A turbo is good, an impulse turbine can collect the exhaust pulse pressure (not sure if there's a term for this) without much restriction and will muffle the exhaust without wasting as much energy as a muffler. The only problem is under part load operation there isn't much energy to collect, and because it arrives in pulses you can't collect as much of it.
That's where the steam generation comes in. An ideal gasoline engine that has no cooling losses, no friction, and has full expansion of the burnt charge will still dump 30% of the energy as heat into the exhaust. Even under full load, the leftover pressure that is being blown out only accounts for a small amount of the total energy that can be extracted from the fuel. As the exhaust blows through the restriction of the exhaust valves, it loses energy, and what's left can only be converted at less than 50% (?) efficiency in an impulse turbine.
If you can generate electricity with steam heated by exhaust at just 10% efficiency, you can recover 3% of the overall fuel energy.

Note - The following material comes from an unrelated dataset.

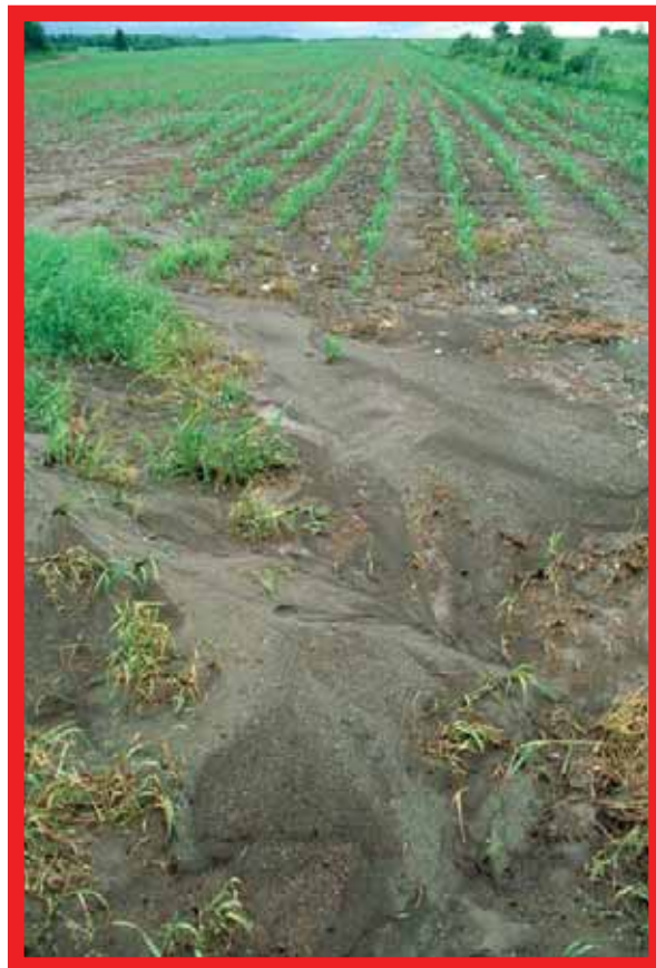
RUISSELLEMENT ENTRAÎNANT DES SÉDIMENTS

If you consider that good engines are running in the high 30s (percent efficient), this is a pretty good amount of power.
I think in Formula 1 they are thinking of using turbocompounding (using a turbine to fully expand exhaust gases as you describe), and someone told me they saw a 7% efficiency gain. This means the turbocompound makes the same amount of power as a 10% efficient steam generator at full load, except street cars rarely run full load.